July 4, 2026, will mark the 250th anniversary of the Declaration of Independence and, therefore, of the United States of America. In celebrating that milestone, Americans will naturally incline to highlight what is distinct about us and what separates us from other nations of the world. And yet the American founding cannot be understood apart from the international context in which it occurred and the international order that it transformed.
The founders were keenly aware that the world was watching them. The very first sentence of the Declaration of Independence sets the scene in global terms:
When in the Course of human events, it becomes necessary for one people to dissolve the political bands which have connected them with another, and to assume among the powers of the earth, the separate and equal station to which the Laws of Nature and of Nature’s God entitle them, a decent respect to the opinions of mankind requires that they should declare the causes which impel them to the separation.
The case the Declaration makes for revolution then rests on a set of grievances that are presented as facts to be submitted “to a candid world.” And in the end, the Declaration asserts that the goal of the American Revolution is to establish
that these United Colonies are, and of Right ought to be Free and Independent States; that they are Absolved from all Allegiance to the British Crown, and that all political connection between them and the State of Great Britain, is and ought to be totally dissolved; and that as Free and Independent States, they have full Power to levy War, conclude Peace, contract Alliances, establish Commerce, and to do all other Acts and Things which Independent States may of right do.
That founding generation of Americans, in other words, fought to establish America’s place among the nations. And they knew that they could succeed only if they played their part in the great game of the European powers. The founding also established some basic patterns of American foreign policy that endured for many decades and that, in some respects, continue even now to shape our country’s sense of its place in global politics. It is not possible to understand our country, its history, and its character without a sense of how the Revolution became an event of international significance.
Better understanding our country is precisely the purpose of the American Enterprise Institute’s “We Hold These Truths: America at 250” initiative, an ambitious celebration of the founding of which this volume forms a part. Over several years leading up to the anniversary of the Declaration of Independence, we are inviting scholars both within AEI and from other institutions to take up a series of themes important to understanding the American Revolution. These scholars represent a variety of fields and viewpoints, so they will approach each of these themes from various angles. The papers they produce will be published in a series of edited volumes intended to help Americans think more deeply and clearly about our nation’s origins, character, and prospects.

The American Revolution and America’s Role in the World is the sixth of those books. Its chapters began as papers presented at an AEI conference held at the George Washington Presidential Library at Mount Vernon on April 24, 2025. Other volumes in the series consider the American Revolution in relation to other themes, such as democracy, religion, natural rights, and the Constitution. In each case, our goal is to help reintroduce readers to their nation’s history, thereby enabling them to maturely appreciate the reasons for celebrating the extraordinary milestone of its 250th anniversary.
In the chapters that follow, six eminent scholars of history, law, and government consider how we ought to understand the American Revolution as a global event and how it changed the international order.

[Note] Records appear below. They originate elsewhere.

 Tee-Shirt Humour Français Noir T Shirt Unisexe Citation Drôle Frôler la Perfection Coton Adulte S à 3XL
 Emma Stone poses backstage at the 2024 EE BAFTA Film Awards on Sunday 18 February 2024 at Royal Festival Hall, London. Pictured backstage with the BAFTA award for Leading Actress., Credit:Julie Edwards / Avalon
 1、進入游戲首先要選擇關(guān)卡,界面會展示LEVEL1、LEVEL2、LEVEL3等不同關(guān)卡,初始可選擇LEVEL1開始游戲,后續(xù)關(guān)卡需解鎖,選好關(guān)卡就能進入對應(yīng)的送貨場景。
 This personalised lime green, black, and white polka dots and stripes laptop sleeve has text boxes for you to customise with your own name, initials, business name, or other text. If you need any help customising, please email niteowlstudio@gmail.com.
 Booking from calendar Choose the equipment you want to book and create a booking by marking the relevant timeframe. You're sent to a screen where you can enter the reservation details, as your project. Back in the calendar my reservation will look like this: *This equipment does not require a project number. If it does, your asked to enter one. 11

William Anthony Hay examines some of the global precedents that inspired the Revolution and its leaders. He considers what was new and unique about the founding and what was an extension of deep and ingrained patterns of European politics.

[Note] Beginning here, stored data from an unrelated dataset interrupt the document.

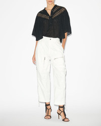 100% cotton Black cotton trousers Large patched zipped pockets on each side Side and back pockets Button and zip closure Belt loops Bottom leg zippers Style: PA0279FAB1G04E23EC KELVIN
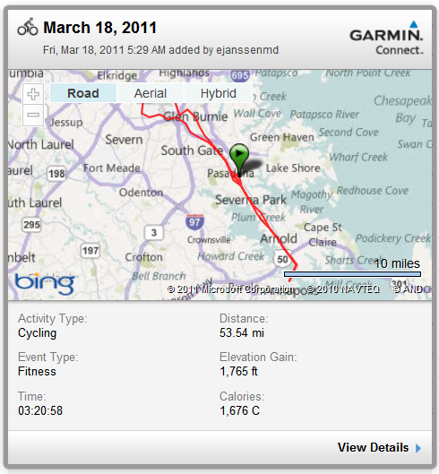 I keep far too many stats on my ride spreadsheet, but note that I’ve got 667.5 miles the past 30 days and for the month of March I’ve already exceeded my miles for March 2010. These stats serve to provide me encouragement and help to keep me focused as my goals revolve around them.
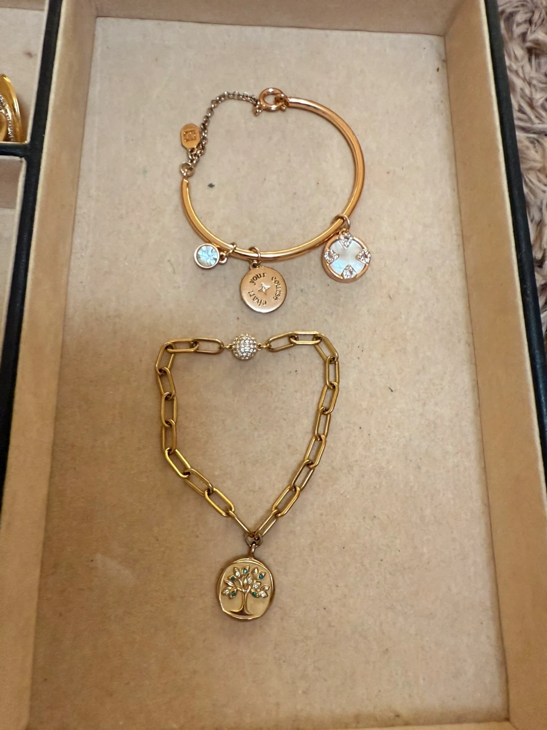 Selling these two bracelets! Both are in great condition and would make a wonderful addition to your jewelry collection. One is a charm bracelet with a little pendants, and the other is a chic chain bracelet with a tree of life charm
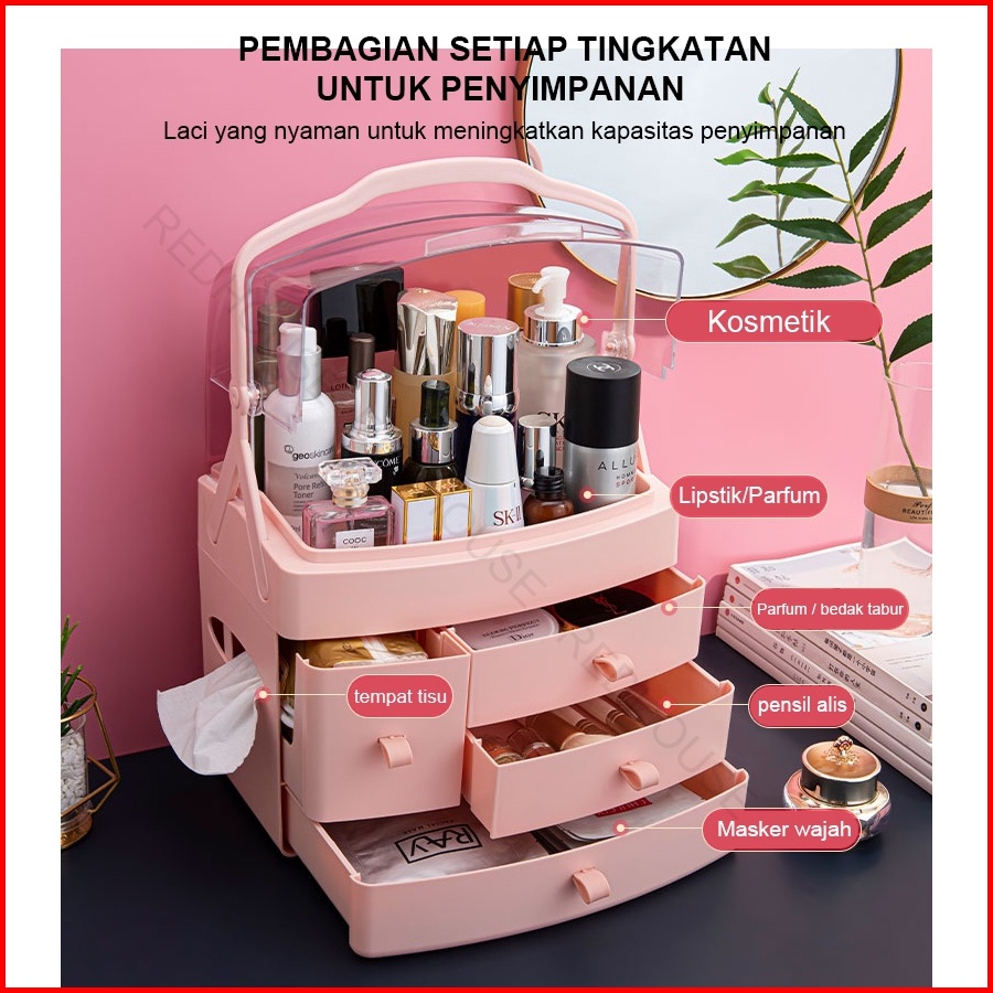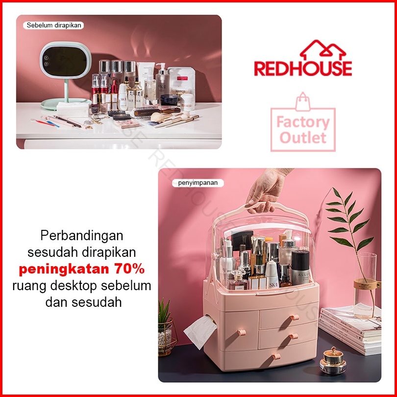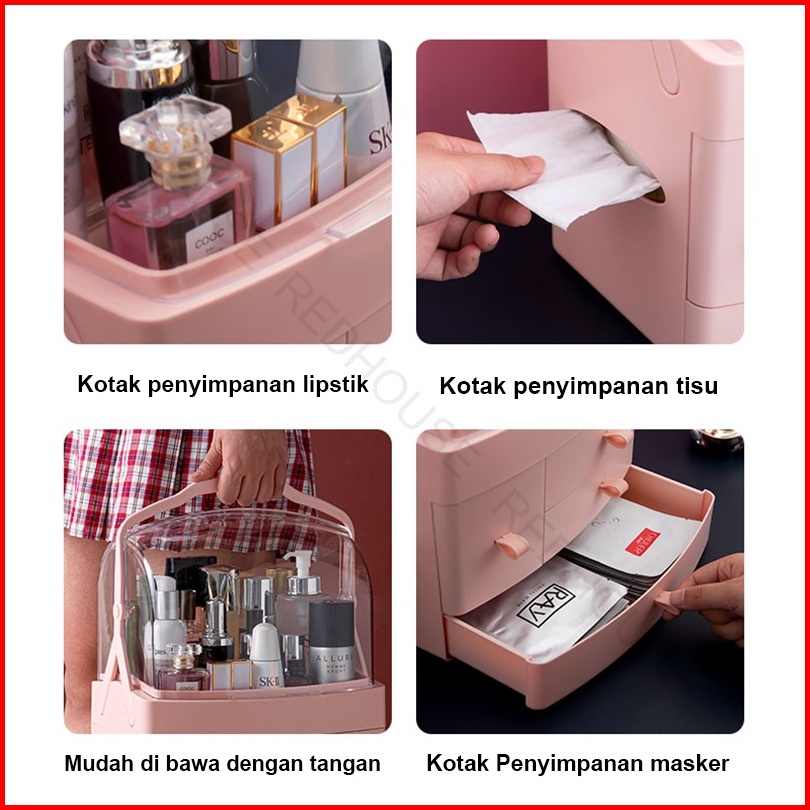 Red House Rak Kosmetik Beauty Case Tempat Penyimpanan Make Up Storage Box Organizer Kosmetik
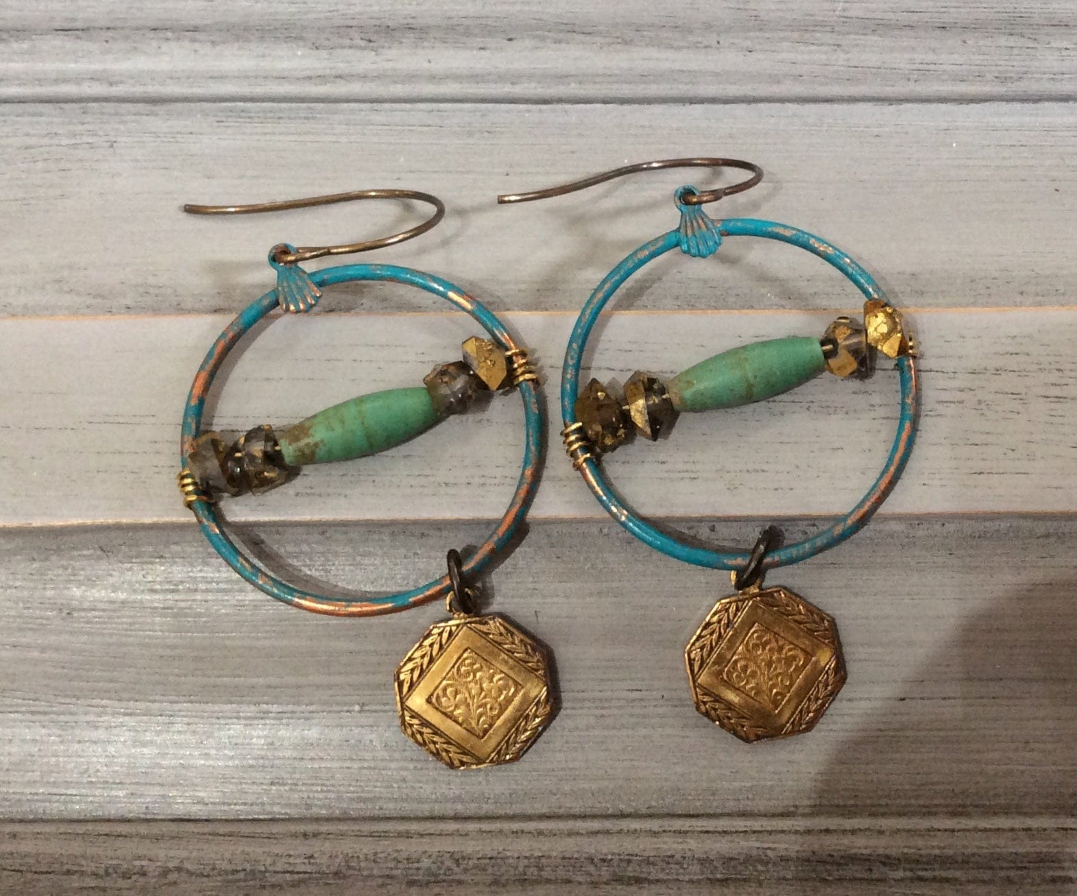 Green Hoop with Mixed Stone and Engraved Gold Disc on Natural Brass Wire

Jeremy Rabkin traces the commitment of the founding generation to the law of nations and how the founders understood the rules of the international order in relation to the principles that shaped American political thought.
Gary J. Schmitt highlights the principles of statesmanship implicit in the Declaration of Independence and shows how different generations of American leaders adopted and adapted these as the United States gradually evolved into a global superpower.
Lindsay M. Chervinsky illuminates how international questions shaped the American independence movement and the politics of the early republic and traces the origins of American foreign policy.
Eliga H. Gould considers why America’s first generation of statesmen sought to keep the new nation out of Europe’s wars and how these efforts shaped two centuries and more of American diplomacy.
Walter Russell Mead shows just how central foreign policy concerns were to the architects of the American constitutional system and what lessons their thought might offer to leaders struggling to shape a 21st-century foreign policy for our country.
All of these arguments suggest that the United States has never been an insular or isolation-minded nation. From its earliest days, our society has understood that its prospects in a dangerous world depended on responsibly playing its part in global affairs—and assuming its separate and equal station among the powers of the earth.